The majority holds that the statute of limitations for claims of usury violations under the facts in the instant case accrued on the *143closing date of the loan. In reaching that conclusion, the majority adopts the reasoning in Faircloth v. National Home Loan Corp., 313 E Supp. 2d 544 (M.D.N.C. 2003), aff'd per curiam, 87 Fed. App’x 314 (4th Cir. 2004) (unpublished), a federal case in which the plaintiff argued the identical theory that plaintiffs present in the instant case. Federal decisions, with the exception of the United States Supreme Court, are not binding upon this Court. See State v. McDowell, 310 N.C. 61, 74, 310 S.E.2d 301, 310 (1984) (State courts should treat “decisions of the United States Supreme Court as binding and accord[] to decisions of lower federal courts such persuasiveness as these decisions might reasonably command.”). I disagree with the rationale in Faircloth, and therefore with the majority, for the reasons which follow.

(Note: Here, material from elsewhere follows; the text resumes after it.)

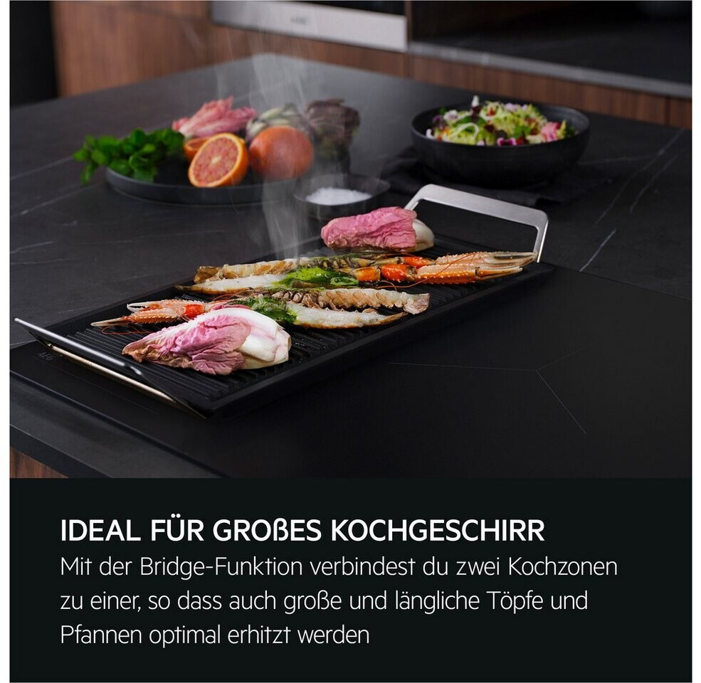 Das AEG TK85IM0FSZ ist das ideale Upgrade für Köche, denen 60 cm Standardbreite nicht ausreichen. Durch die großzügige 80 cm XL-Fläche lassen sich mehrere große Töpfe und Pfannen gleichzeitig nutzen, ohne dass es zu Platzproblemen kommt. Die Bridge-Funktion auf der linken Seite ist perfekt für Grillplatten oder längliche Bräter geeignet, da sie zwei Zonen zu einer homogenen Heizfläche vereint.
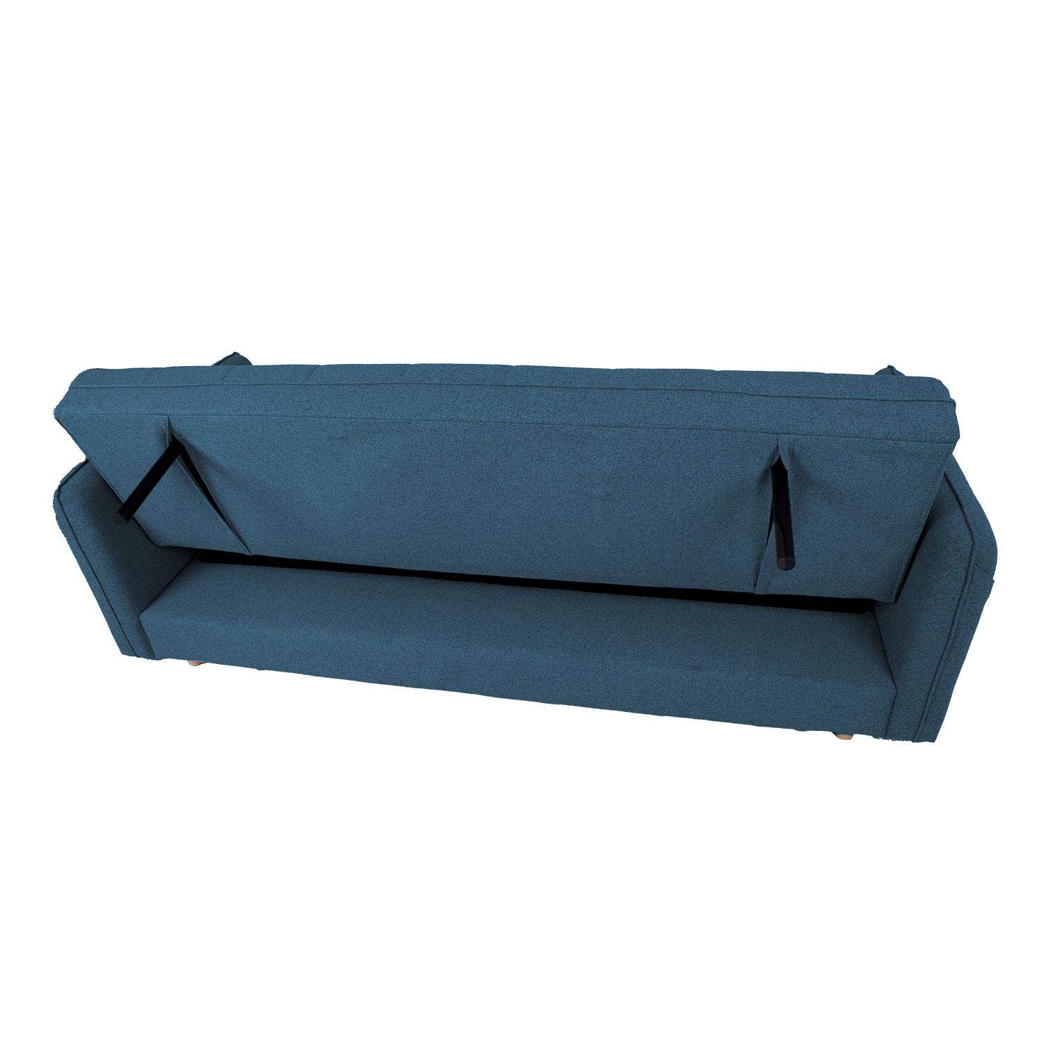Sofa lova VISBY su praustuvu, mėlyna. Užvalkalo medžiaga: 100 % poliesterio audinys. Rėmas: medis, fanera. Apmušalas: poliuretano putos. Sofoje yra paprastas paspaudimo-užsegimo mechanizmas. Po sėdyne yra daiktadėžė. Bendrieji sofos matmenys: 200x88xH93 cm. Atidarytos sofos-lovos matmenys 180x110xH46 cm. Sofa turi šviesaus medžio kojas.

“It is the paramount public policy of North Carolina to protect North Carolina resident borrowers through the application of North Carolina interest laws.” N.C.G.S. § 24-2.1 (2005). “Our courts do not hesitate to look beneath the forms of the transactions alleged to be usurious in order to determine whether or not such transactions are in truth and reality usurious.” Kessing v. Nat’l Mortgage Corp., 278 N.C. 523, 531, 180 S.E.2d 823, 828 (1971) (citations omitted). As this Court stated in Henderson v. Security Mortgage and Finance Co., “ ‘A profit,’ greater than the lawful rate of interest; intentionally exacted as a bonus for the loan of money, ... is a violation of the usury laws, it matters not what form or disguise it may assume.’ ” 273 N.C. 253, 263, 160 S.E.2d 39, 46 (1968) (quoting Doster v. English, 152 N.C. 325, 237, 152 N.C. 339, 341, 67 S.E. 754, 755 (1910)).

I would hold that plaintiffs’ usury claim is not time-barred. Because plaintiffs’ usurious loan origination fee was financed and added to their mortgage loan, plaintiffs have paid usurious interest with each monthly mortgage payment. This conclusion comports with our view in Henderson v. Security Mortgage & Finance Co., 273 N.C. 253, 160 S.E.2d 39 (1968), which holds that “[t]he right of action to recover the penalty for usury paid accrues upon each payment of usurious interest when that payment is made.” Id. at 264, 160 S.E.2d at 47. In the instant case, plaintiffs’ monthly payment is $219.63. This payment amount includes the usurious nine percent origination fee. If plaintiffs had been charged a non-usurious origination fee of two percent, their monthly payment would have been $203.86. Accordingly, plaintiffs are paying usurious interest every month. Therefore, following Henderson, plaintiffs’ claim is not barred.

*144Further support can be found for my position in the Internal Revenue Service’s treatment of financed fees. As a matter of economic reality, the Internal Revenue Service recognizes that fees that are financed are not paid at closing. Specifically, the United States Tax Court has determined that financed fees cannot be deducted as part of the interest on a home mortgage in the year the loan is made. See, e.g., Schubel v. Comm’r, 77 T.C. 701, 704-07 (1981). Instead, such fees must be deducted over the life of the loan. Id. This treatment reflects the reality of the present plaintiffs’ situation. Plaintiffs have made and continue to make payments that include interest for the alleged usurious loan origination fee.

For the foregoing reasons, I would hold that plaintiffs’ claim for twice the amount of interest paid within two years of the filing of the complaint is not barred by the statute of limitations. Accordingly, I respectfully dissent.

Justices MARTIN and EDMUNDS join in this dissenting opinion.